Castlereagh Ventures Pty Ltd wants to build a six-storey shoptop development with basement parking to a height of 21.6m, which is 6.9m higher than the maximum allowable under Woollahra City Council’s Local Environmental Plan from 2014.
In lodging plans for the building on an irregular-shaped lot of about 530sq m at 27-29 Knox Street, in Double Bay, the developers pointed to nine neighbouring buildings ranging in height from 19.6 to 29.45 metres.
Seven of them are over 20m, in an area where the LEP allows just 14.7 metres.
Further, urban designers GSA Planning have produced a map of Double Bay showing what they say are 15 recent development approvals, all breaching height variations by 0.6 to 8 metres.
GSA, who lodged documents supporting the application, said the recent approvals have “informed the desired future character within the immediate context of the subject site”.
“Whilst the proposal has a greater building height and floor-space ratio than the development standards of the LEP, in our opinion, it is compatible with existing nearby development and therefore, the desired future character,” GSA wrote.
GSA said two Clause 4.6 applications—which in NSW provide flexibility in applying development standards—had been prepared and would show the proposed height and floor-space rations were acceptable.
Online documents show Castlereagh Ventures is a vehicle for prominent Sydney developer Eduard Litver, who is listed as the sole director of the company. The two consolidated lots last changed hands in October of 2019 for $9.83 million.
The plans show there will be nine retail tenancies—including food and drink—across the lower four floors. Just two high-end, two-level apartments will occupy the two top floors. Each will be about 220sq m, have three bedrooms as well as four balconies—two on each level.
A basement level will provide parking for 18 cars, via an hydraulic car-stacker system. Another six cars can park on the first floor.
Two commercial buildings of one and two storeys—one of them now occupied by an ANZ bank branch—will be demolished to make way for the new $11 million development.
The mixed-use development has been designed by international award-winning Koichi Takada Architects.
In response to questions, Woollahra council confirmed “a number of developments in the Double Bay centre that exceed the height and density limits contained in council’s current planning controls have been approved”.
Some of those included decisions taken by the NSW Land and Environment Court.
The council referred to its Double Bay Centre Planning and Urban Design Strategy, which it said “sought to guide future development in the Double Bay centre”. A draft was exhibited publicly in May.
“This document aims to provide a clear vision for the centre which is not led by ad hoc development,” the council said.
Among other things, the strategy seeks to increase maximum building heights up to six storeys on" certain sites, encourage mixed-use development and active frontages throughout the centre to increase passive surveillance and foster a night-time economy.

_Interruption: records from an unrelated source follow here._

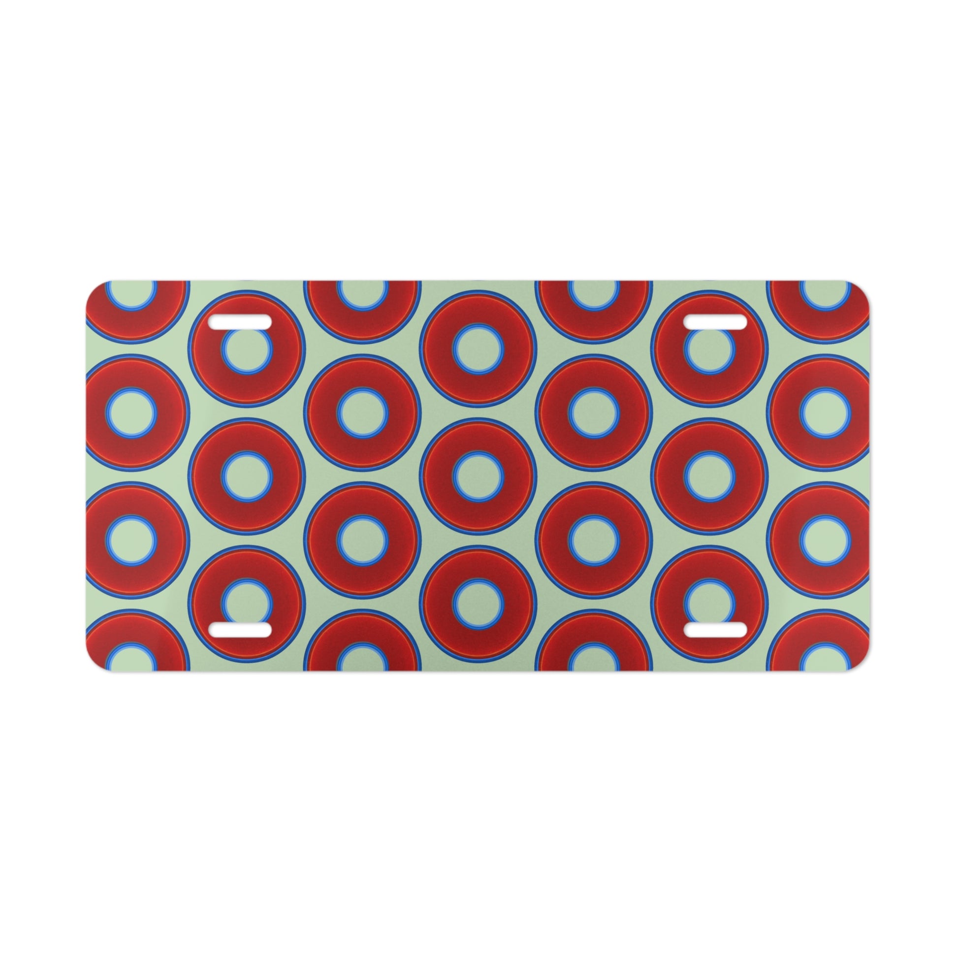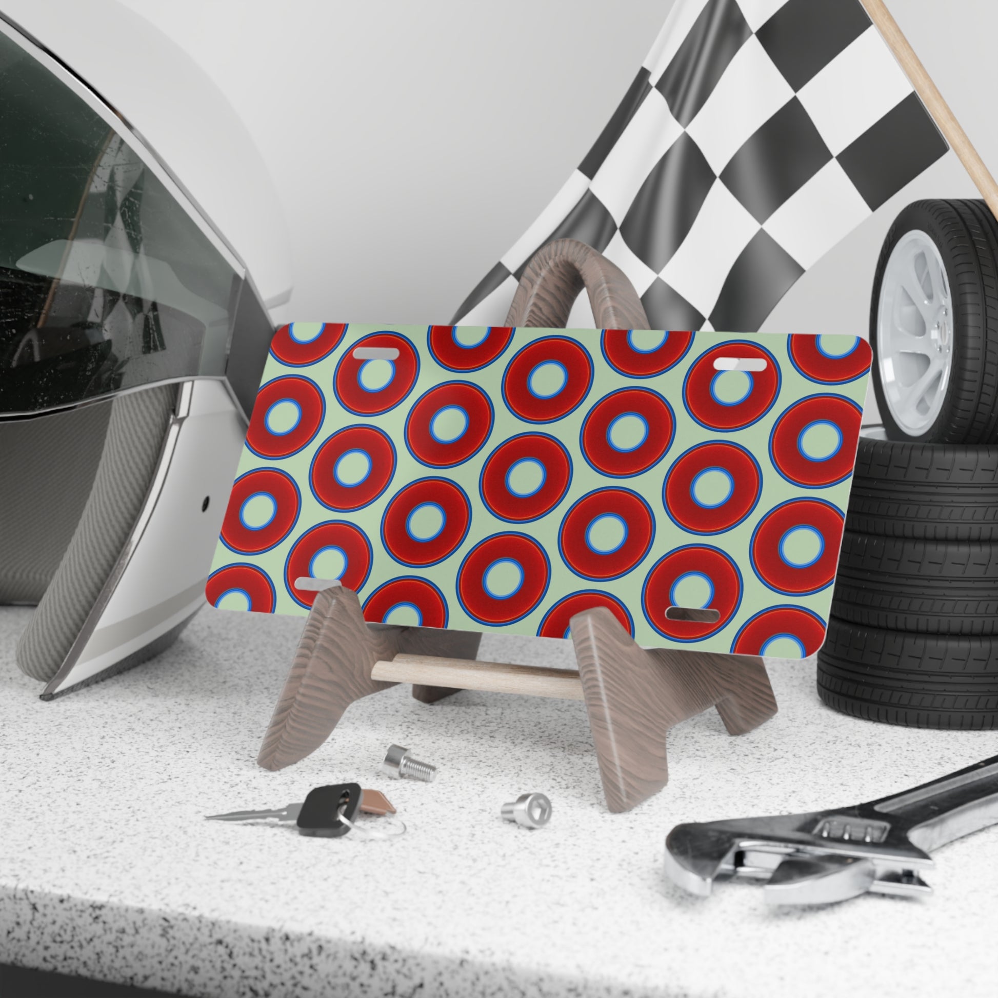 Lumpy Donut Vanity Plate - red vivid donut print w/seafoam background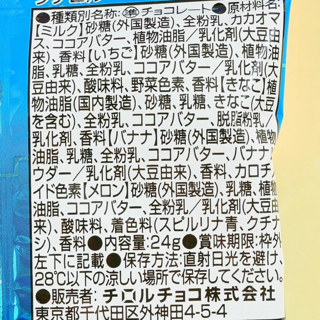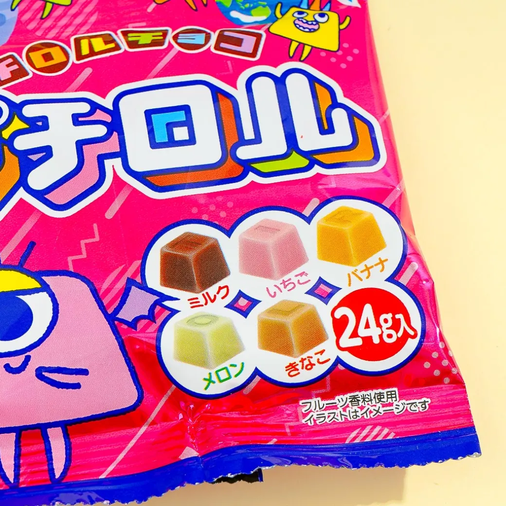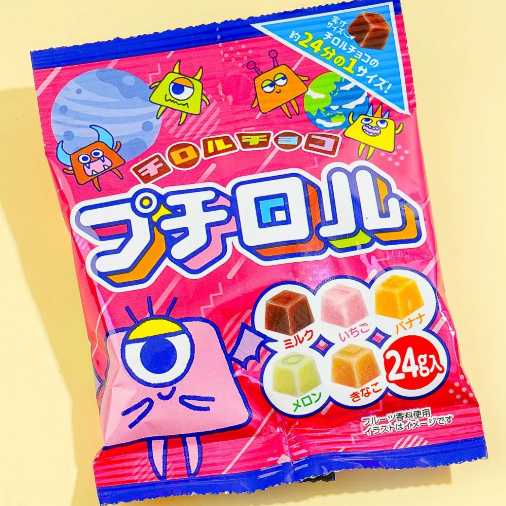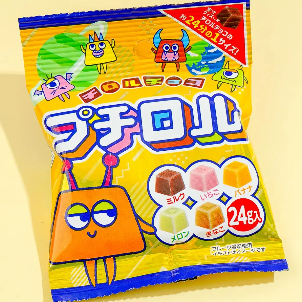 This pack of bite-sized chocolates features cute new monster characters from “Special Mission Petit Rolls.” Add this pack of goodies to your snack bin! Each chocolate is 1/24th the size of a regular Tirol chocolate.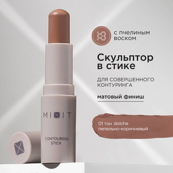 Keywords: MIXIT, contouring stick, contour stick, makeup, professional makeup, contouring, sculpting, concealer, hydrating, moisturizing, non-comedogenic, ash brown, shade 01, dolche, natural makeup, Russian cosmetics, skincare, makeup stick, mini stick, blendable, flawless finish, all skin types, sensitive skin, acne-prone skin, complexion, radiant skin, healthy skin.
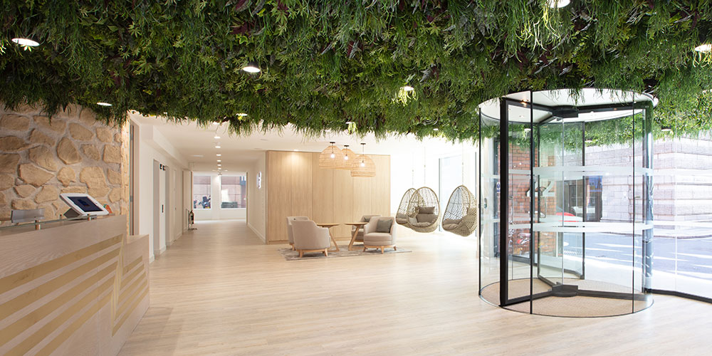 Upon entering, we’re struck by three things – firstly, how calm and tranquil it is, secondly, that there appears to be no Office Space in Town branding, and, thirdly, we can’t help but smile at the biophilic ‘green’ ceiling immediately above us. ‘The whole point of this building is to make you smile as much as possible, because work can be tough enough’ Roy begins, noting our faces when we see the ceiling above. ‘We did originally want this to be a ‘live’ feature, but watering it was a bit of an issue, so we have used plastic plants instead.

“Combined with detailed building envelopes, setbacks and transitions, the proposed controls will maintain the centre’s human scale and its character as Sydney’s stylish bayside village,” the council’s website says.
Public submissions have closed and council officers are now reviewing the results of the consultation.
“Should it be adopted and incorporated into the Woollahra LEP, it will provide a more detailed set of planning controls for the centre.”